Saved entries
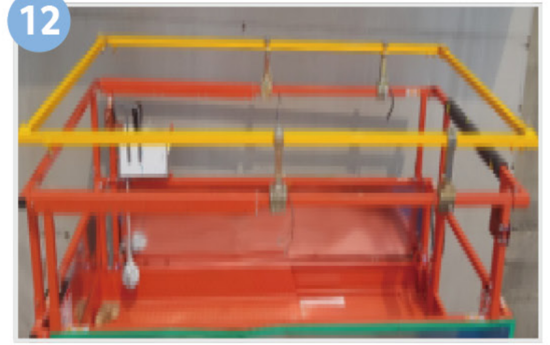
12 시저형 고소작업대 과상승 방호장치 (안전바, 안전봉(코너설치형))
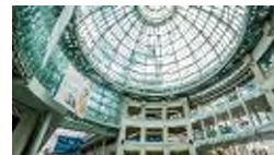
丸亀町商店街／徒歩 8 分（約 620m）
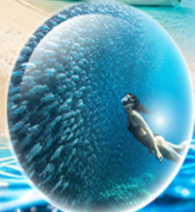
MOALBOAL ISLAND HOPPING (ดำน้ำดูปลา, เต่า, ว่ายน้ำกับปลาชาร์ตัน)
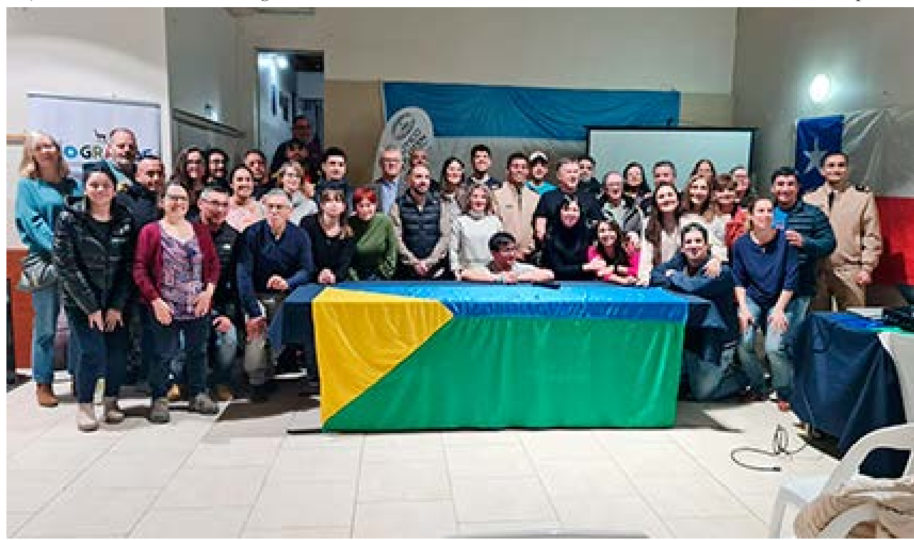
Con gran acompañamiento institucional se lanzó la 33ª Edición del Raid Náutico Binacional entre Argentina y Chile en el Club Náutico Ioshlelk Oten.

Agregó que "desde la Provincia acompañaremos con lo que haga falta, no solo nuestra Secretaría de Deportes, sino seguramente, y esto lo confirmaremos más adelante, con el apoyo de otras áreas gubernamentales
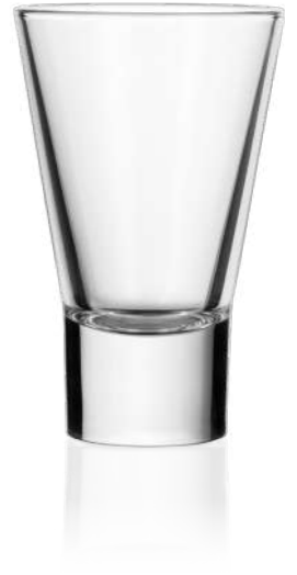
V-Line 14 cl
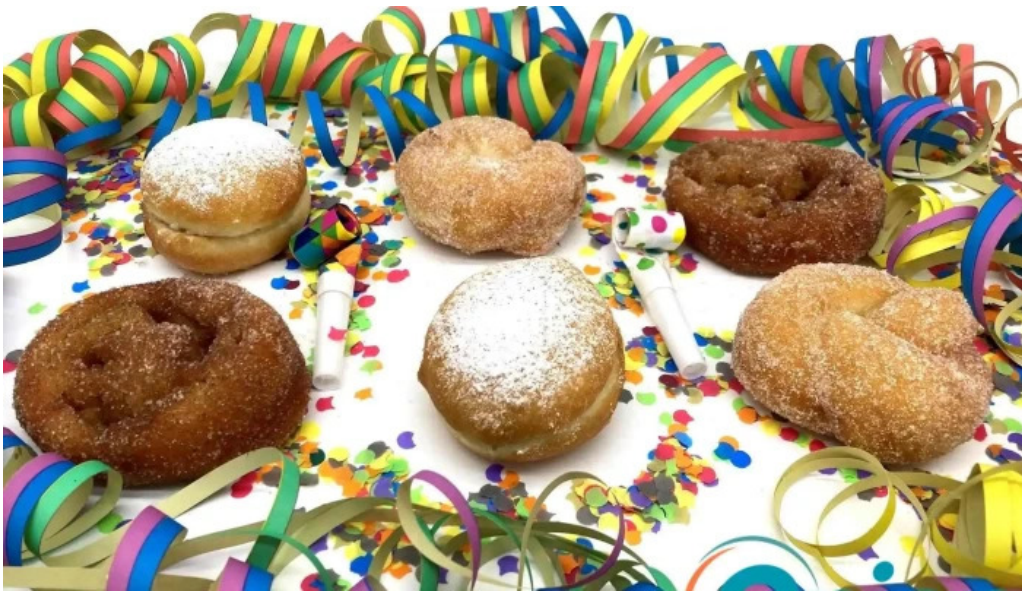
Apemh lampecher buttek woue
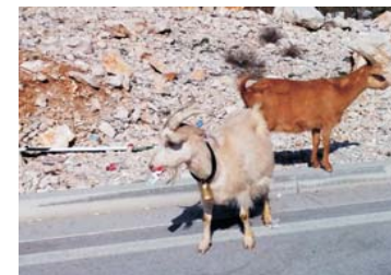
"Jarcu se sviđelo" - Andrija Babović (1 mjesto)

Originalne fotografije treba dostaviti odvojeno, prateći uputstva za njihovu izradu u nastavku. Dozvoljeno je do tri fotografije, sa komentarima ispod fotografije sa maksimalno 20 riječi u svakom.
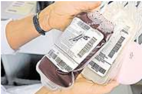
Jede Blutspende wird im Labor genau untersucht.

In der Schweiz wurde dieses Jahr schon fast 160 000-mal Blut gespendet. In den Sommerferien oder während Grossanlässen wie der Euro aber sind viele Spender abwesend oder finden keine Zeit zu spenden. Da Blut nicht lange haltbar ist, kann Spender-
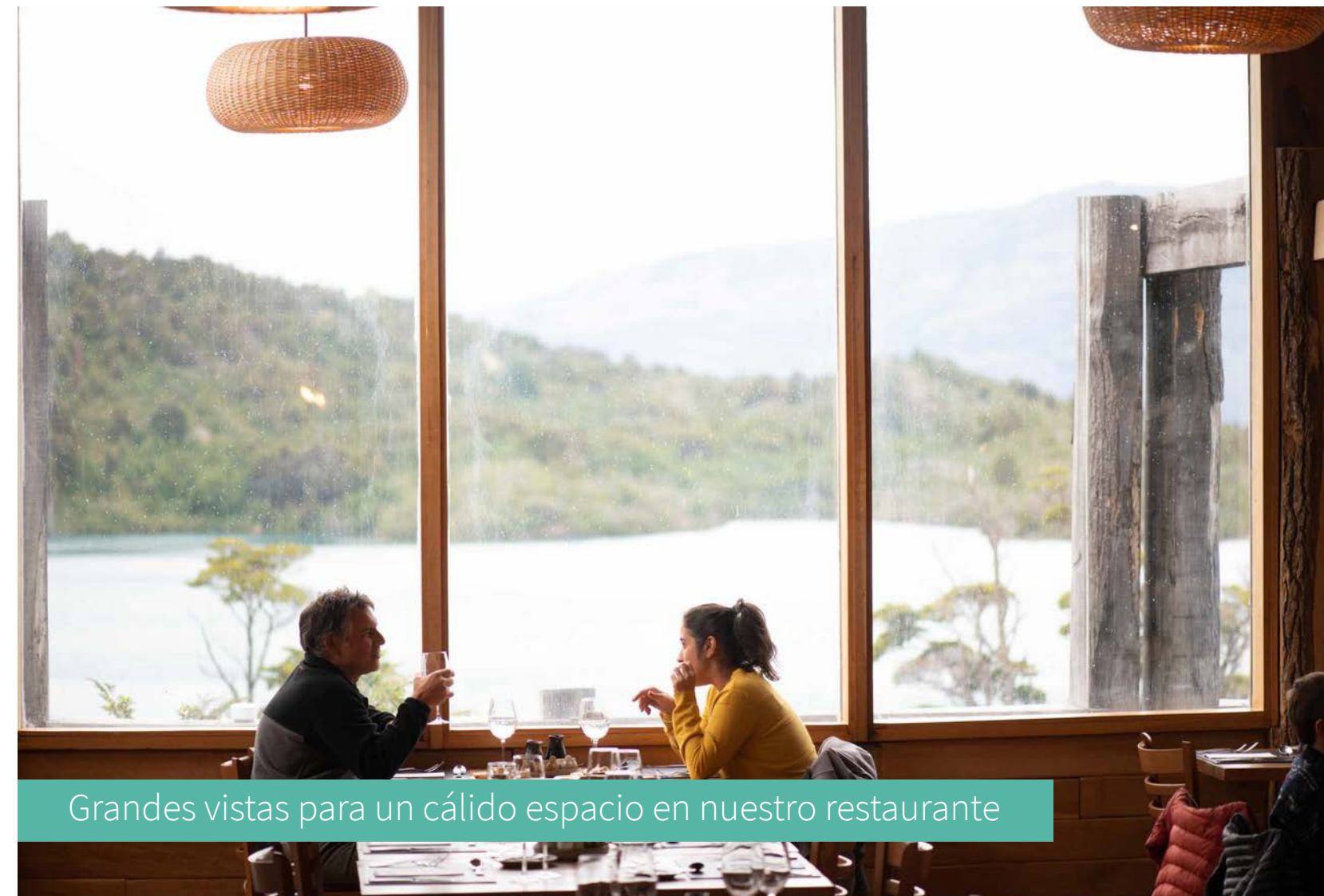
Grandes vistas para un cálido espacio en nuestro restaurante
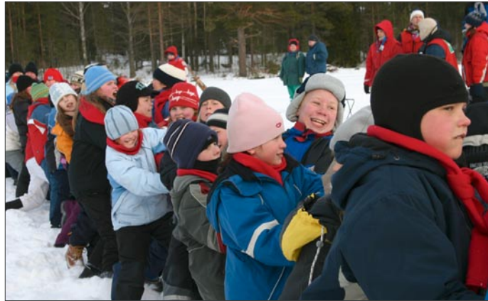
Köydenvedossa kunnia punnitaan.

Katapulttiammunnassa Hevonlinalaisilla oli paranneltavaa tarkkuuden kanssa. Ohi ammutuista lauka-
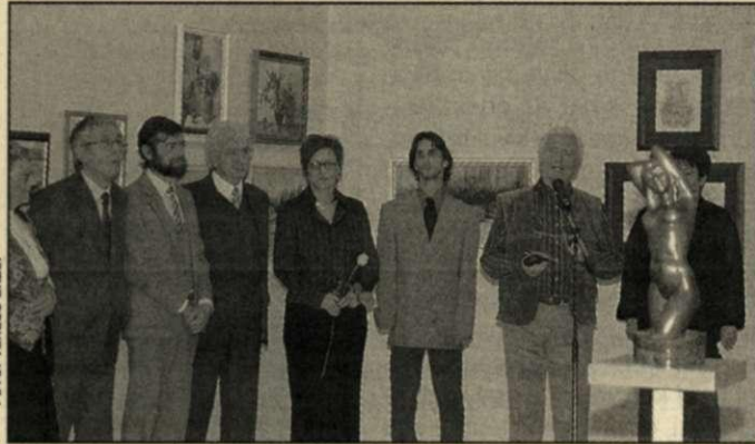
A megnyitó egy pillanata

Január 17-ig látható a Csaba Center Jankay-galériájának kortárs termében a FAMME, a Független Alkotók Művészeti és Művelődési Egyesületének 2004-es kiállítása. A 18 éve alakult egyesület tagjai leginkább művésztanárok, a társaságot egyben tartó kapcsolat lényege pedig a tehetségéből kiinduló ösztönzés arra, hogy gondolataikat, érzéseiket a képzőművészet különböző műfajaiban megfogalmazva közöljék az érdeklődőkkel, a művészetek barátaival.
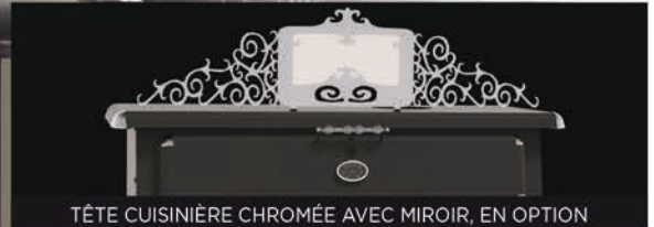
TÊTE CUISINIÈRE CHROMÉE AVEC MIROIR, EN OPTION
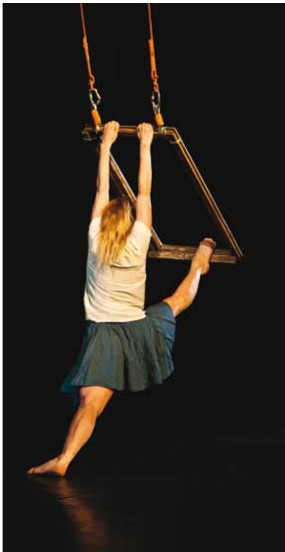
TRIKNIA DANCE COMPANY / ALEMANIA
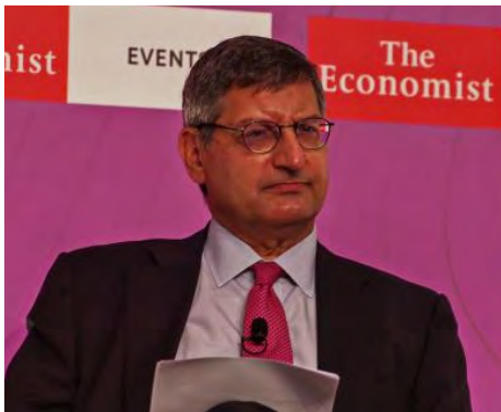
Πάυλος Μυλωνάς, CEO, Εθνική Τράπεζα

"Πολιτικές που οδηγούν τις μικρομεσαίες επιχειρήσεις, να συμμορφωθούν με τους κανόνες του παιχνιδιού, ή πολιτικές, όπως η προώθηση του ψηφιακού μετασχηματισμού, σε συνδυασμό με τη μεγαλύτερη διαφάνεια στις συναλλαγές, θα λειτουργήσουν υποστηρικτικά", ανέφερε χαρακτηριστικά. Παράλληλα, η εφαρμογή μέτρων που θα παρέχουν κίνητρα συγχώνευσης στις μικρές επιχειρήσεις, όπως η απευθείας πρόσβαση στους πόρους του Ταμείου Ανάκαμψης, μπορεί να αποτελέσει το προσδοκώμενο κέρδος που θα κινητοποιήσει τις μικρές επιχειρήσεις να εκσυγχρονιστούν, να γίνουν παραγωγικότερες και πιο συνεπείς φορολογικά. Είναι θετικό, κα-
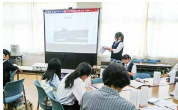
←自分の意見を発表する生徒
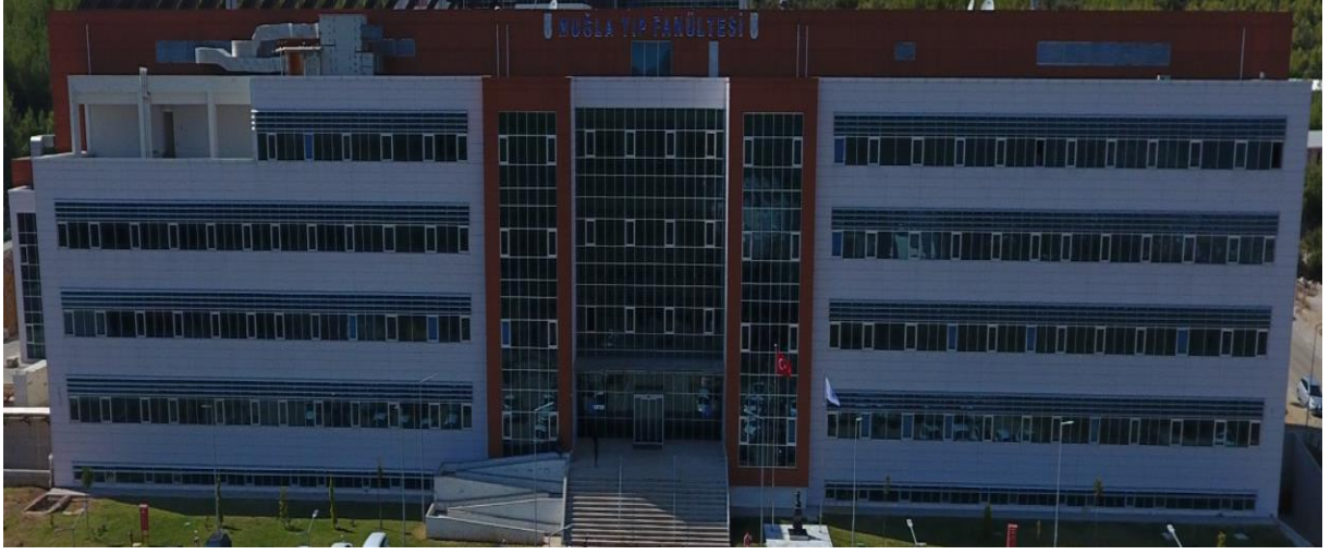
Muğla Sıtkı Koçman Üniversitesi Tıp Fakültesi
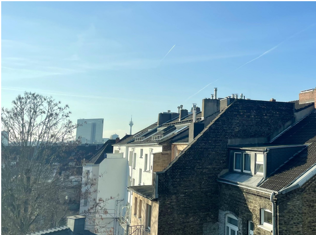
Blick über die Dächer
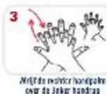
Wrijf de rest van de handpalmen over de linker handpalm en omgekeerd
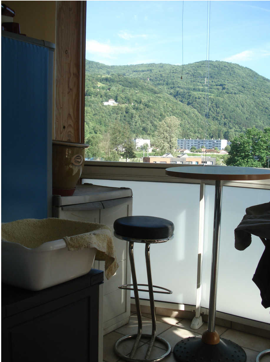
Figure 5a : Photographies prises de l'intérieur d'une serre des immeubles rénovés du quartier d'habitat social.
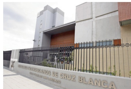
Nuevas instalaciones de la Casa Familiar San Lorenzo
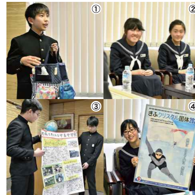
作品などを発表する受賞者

### WHAT THE TASK REQUIRES
The entries above are to be repeated exactly, except for any pictures.

### TASK RESPONSE
12 시저형 고소작업대 과상승 방호장치 (안전바, 안전봉(코너설치형))
丸亀町商店街／徒歩 8 分（約 620m）
MOALBOAL ISLAND HOPPING (ดำน้ำดูปลา, เต่า, ว่ายน้ำกับปลาชาร์ตัน)
Con gran acompañamiento institucional se lanzó la 33ª Edición del Raid Náutico Binacional entre Argentina y Chile en el Club Náutico Ioshlelk Oten.

Agregó que "desde la Provincia acompañaremos con lo que haga falta, no solo nuestra Secretaría de Deportes, sino seguramente, y esto lo confirmaremos más adelante, con el apoyo de otras áreas gubernamentales
V-Line 14 cl
Apemh lampecher buttek woue
"Jarcu se sviđelo" - Andrija Babović (1 mjesto)

Originalne fotografije treba dostaviti odvojeno, prateći uputstva za njihovu izradu u nastavku. Dozvoljeno je do tri fotografije, sa komentarima ispod fotografije sa maksimalno 20 riječi u svakom.
Jede Blutspende wird im Labor genau untersucht.

In der Schweiz wurde dieses Jahr schon fast 160 000-mal Blut gespendet. In den Sommerferien oder während Grossanlässen wie der Euro aber sind viele Spender abwesend oder finden keine Zeit zu spenden. Da Blut nicht lange haltbar ist, kann Spender-
Grandes vistas para un cálido espacio en nuestro restaurante
Köydenvedossa kunnia punnitaan.

Katapulttiammunnassa Hevonlinalaisilla oli paranneltavaa tarkkuuden kanssa. Ohi ammutuista lauka-
A megnyitó egy pillanata

Január 17-ig látható a Csaba Center Jankay-galériájának kortárs termében a FAMME, a Független Alkotók Művészeti és Művelődési Egyesületének 2004-es kiállítása. A 18 éve alakult egyesület tagjai leginkább művésztanárok, a társaságot egyben tartó kapcsolat lényege pedig a tehetségéből kiinduló ösztönzés arra, hogy gondolataikat, érzéseiket a képzőművészet különböző műfajaiban megfogalmazva közöljék az érdeklődőkkel, a művészetek barátaival.
TÊTE CUISINIÈRE CHROMÉE AVEC MIROIR, EN OPTION
TRIKNIA DANCE COMPANY / ALEMANIA
Πάυλος Μυλωνάς, CEO, Εθνική Τράπεζα

"Πολιτικές που οδηγούν τις μικρομεσαίες επιχειρήσεις, να συμμορφωθούν με τους κανόνες του παιχνιδιού, ή πολιτικές, όπως η προώθηση του ψηφιακού μετασχηματισμού, σε συνδυασμό με τη μεγαλύτερη διαφάνεια στις συναλλαγές, θα λειτουργήσουν υποστηρικτικά", ανέφερε χαρακτηριστικά. Παράλληλα, η εφαρμογή μέτρων που θα παρέχουν κίνητρα συγχώνευσης στις μικρές επιχειρήσεις, όπως η απευθείας πρόσβαση στους πόρους του Ταμείου Ανάκαμψης, μπορεί να αποτελέσει το προσδοκώμενο κέρδος που θα κινητοποιήσει τις μικρές επιχειρήσεις να εκσυγχρονιστούν, να γίνουν παραγωγικότερες και πιο συνεπείς φορολογικά. Είναι θετικό, κα-
←自分の意見を発表する生徒
Muğla Sıtkı Koçman Üniversitesi Tıp Fakültesi
Blick über die Dächer
Wrijf de rest van de handpalmen over de linker handpalm en omgekeerd
Figure 5a : Photographies prises de l'intérieur d'une serre des immeubles rénovés du quartier d'habitat social.
Nuevas instalaciones de la Casa Familiar San Lorenzo
作品などを発表する受賞者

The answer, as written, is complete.